One character that really feels out of place in this story is Deadpool. Yes, I am well aware of the relationship between Wade Wilson and Nathan Summers, however the zany antics and non-stop jokes from Deadpool stand in complete contrast of the gritty hopelessness that exist in every issue of this volume. Usually Cable/Deadpool adventures are laugh out loud funny and a blast, however in this extremely serious story, Deadpool’s presence is simply distracting and derails the overall tone of the book.
It’s not just Deadpool’s tone-wrecking appearances that bring this otherwise fantastic book down — the ever-changing roster of artists make this volume far less memorable and so much more jarring than its predecessor. It’s not that any particular artist is a bad fit for the story or does a poor job, it’s simply the sheer inconsistency of the visual storytelling of this volume that keeps it from reaching new heights.
This is glaringly apparent in the beginning of the book, as The Messiah War plays out between issues of X-Force and Cable. The visual styles of Cable artist Ariel Olivetti and X-Force artist Clayton Crain clash so much that it barely feels like the same story. Both are fantastic on their own, however when lined-up back to back on the same narrative the two styles simply don’t work together. Crain’s work is incredibly visceral, moody, and dark while Olivetti’s work is crisp, bright, and finely detailed. The two styles are almost polar opposites, making the opening of the book feel much more disjointed than it ever should. Luckily, the various artists that pencil the last half of the issues in this book have a much more similar styling, allowing the finale to feel far more consistent than the opening.

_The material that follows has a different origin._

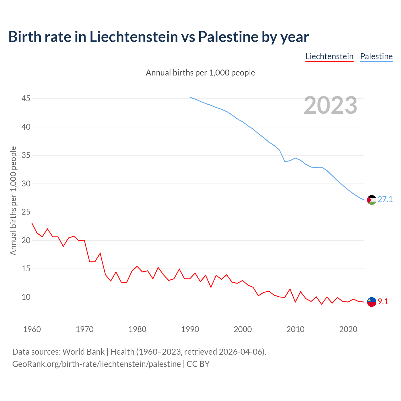 Liechtenstein has an annual birth rate of 9.1 births per 1,000 people, compared to 27.1 for Palestine. The average number of children a woman is expected to have during her lifetime — the fertility rate, is 1.45 in Liechtenstein and 3.31 in Palestine — 128.3% difference.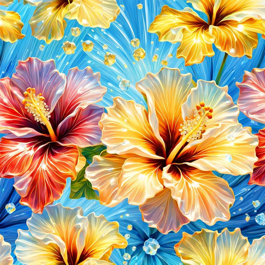 A striking picture of crystal hibiscus flowers with blue and yellow petals, rendered as vibrant digital art. The macro shot showcases delicate petal details and sparkling reflections in warm light.

It’s hard to follow up a collection as terrific as Cable: The Last Hope Vol. 1, but this new collection does a damn good job delivering yet another incredible story in the Cable/Hope saga. While the visual inconsistencies throughout Cable: The Last Hope Vol. 2 can be frustrating, the story is still incredibly well paced and is a wonderfully entertaining tale of Hope’s maturation into the mutant messiah. Despite its flaws, I highly recommend this book to all comics fans and wouldn’t even call it a must read for fans of the X-Men or Cable.